Three Steps Forward, 10 Steps Back: George Floyd's Murder and Aftermath
by John Hawkins
Five years ago George Floyd, an African American, was murdered by a white police officer in Minneapolis, Minnesota, during an arrest made after a store clerk suspected Floyd had used a counterfeit twenty-dollar bill and called the cops. When the cops arrived they pulled Floyd from his vehicle and during the arrest threw him to the ground, where officer Derek Chauvin put his knee into Floyd's neck for 8 minutes 46 seconds and ignored pleas of "I can't breathe" by the suspect. Floyd couldn't breathe, and he died. The murder was captured on phone cameras by bystanders looking on in horror. Chauvin was not long thereafter charged with murder. Other officers standing around the arrest were also charged.
This incident drew significant global media attention. First in Minneapolis, then in other American cities, then in European and Asian cities, protests erupted, with citizens chanting Floyd's name and/or shouting Black Lives Matter, and carrying signs. The BBC just recently ran a documentary of this incident and its global repercussions. Titled Backlash: The Murder of George Floyd, the documentary lucidly recalls those days of outrage, with the global protests making it clear that being Black is hazardous to your health. The last part of the film moves on to how things have changed for Blacks since George Floyd's murder.
Already fumbling the federal response to the just-beginning Covid-19 spread in America, President Donald Trump inflamed citizens tired of fascistic police actions and the deaths of African Americans that seem to go back decades, by essentially declaring his indifference to the human rights abuses, and urging police to "be strong" against protesters, even praising the pushback by Minnesota Governor Tim Walz who, Trump said, "knocked [protesters] out so fast it was like bowling pins." He also took the opportunity to knock left wing movements, such as Occupy Wall Street, which he boasted had been happily snuffed out by police actions.
In Britain, at that time, many Black citizens expressed concern that such depravity could happen there. Backlash does a good job from the beginning of listening to the voices of the community expressing their fears of such a possibility. The Morning Star, a left wing daily, wrote, "that there have already been publicised cases of deaths in custody and police using dangerous restraints such as chokeholds."

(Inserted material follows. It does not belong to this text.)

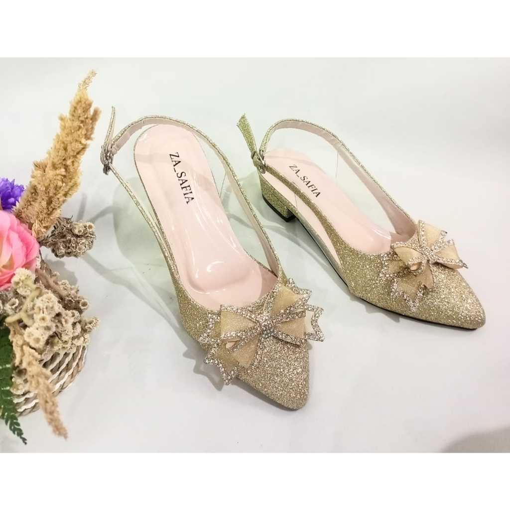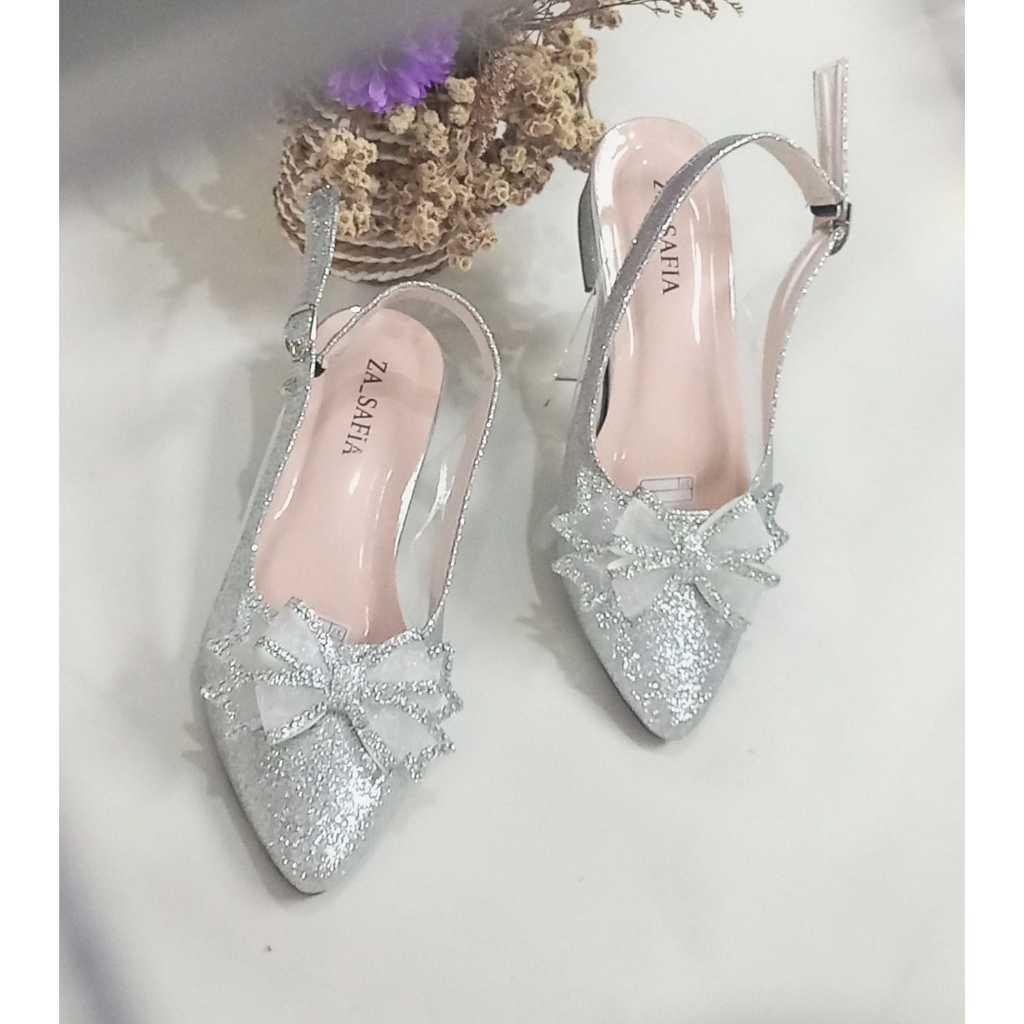 Sepatu Heels Wanita Elegan 3 Cm Pita Glitter
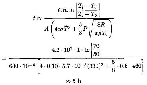 where T is the temperature of the tea, T0 is room temperature, and the Stefan–Boltzmann constant σ = 5.7 × 10-8 W/m2K4. Initially, T = 363 K, T0 = 393 K. So

Police officials in Britain were interviewed and noted that differences in policing made the situation in America unique because of gun availability and long history of racial violence. But this view was soundly rejected, including by an interviewee named by George the Poet, "There are disturbing parallels between the black British experience and the African American experience. There was a young man that I was in primary school with. His name is Julian Cole. He was accosted by five officers outside of a nightclub, had his neck snapped. Guess how many convictions that that debacle ended in? None. There's been no jail time doled out for police."
A large portion of the film is devoted to the "backlash" in England to Floyd's murder by police. In Bristol, the statue of Edward Colston, 17th Century slave trader was toppled during a Black Lives Matter protest in Bristol and dumped in the harbor. And in London, a statue of Winston Churchill, a racist, was given the graffiti treatment. But there was also the backlash of defensive-minded whites who counter-protested leading to violence.
Derek Chauvin , however, was engulfed by public outrage. It had been building for a while after the wrongful deaths of other recent African American deaths by police or security, starting in the Obama administration with Trayon Martin, then Sandra Bland, Tyre Nichols, Breonna Taylor, and Eric Garner, et. al. Black Lives Matter, antifa, and woke activists demanded action against Chauvin. He was tried for murder in 2021 and sentenced to 21 years in a federal prison. In this case, justice seems to have prevailed.
However, progress has stalled. Racism is endemic and requires the same vigilance afforded future holocausts, whose mantra is Never Again. In America, the natural divisiveness of Donald Trump has returned with a vengeance in his re-ascension to the throne, as it were, of American governance. For many it is hard to believe that this twice-impeached
In his first address of his second term to Congress on March 4, 2025, Trump gave a speech in which he said, "We've ended the tyranny of so-called diversity, equity and inclusion policies, and our country will be woke no longer."
As an American it is deeply ironic that the first man to fall in the name of the nascent American Revolution was a newly freed Black man named Crispus Attucks, who was shot by 'security' forces in red coats on March 5, 1770. And it is deeply troubling to see how easily the Sons of Liberty have been transmogrified to the Sons of Anarchy, enforcers of tyranny rather than freedom.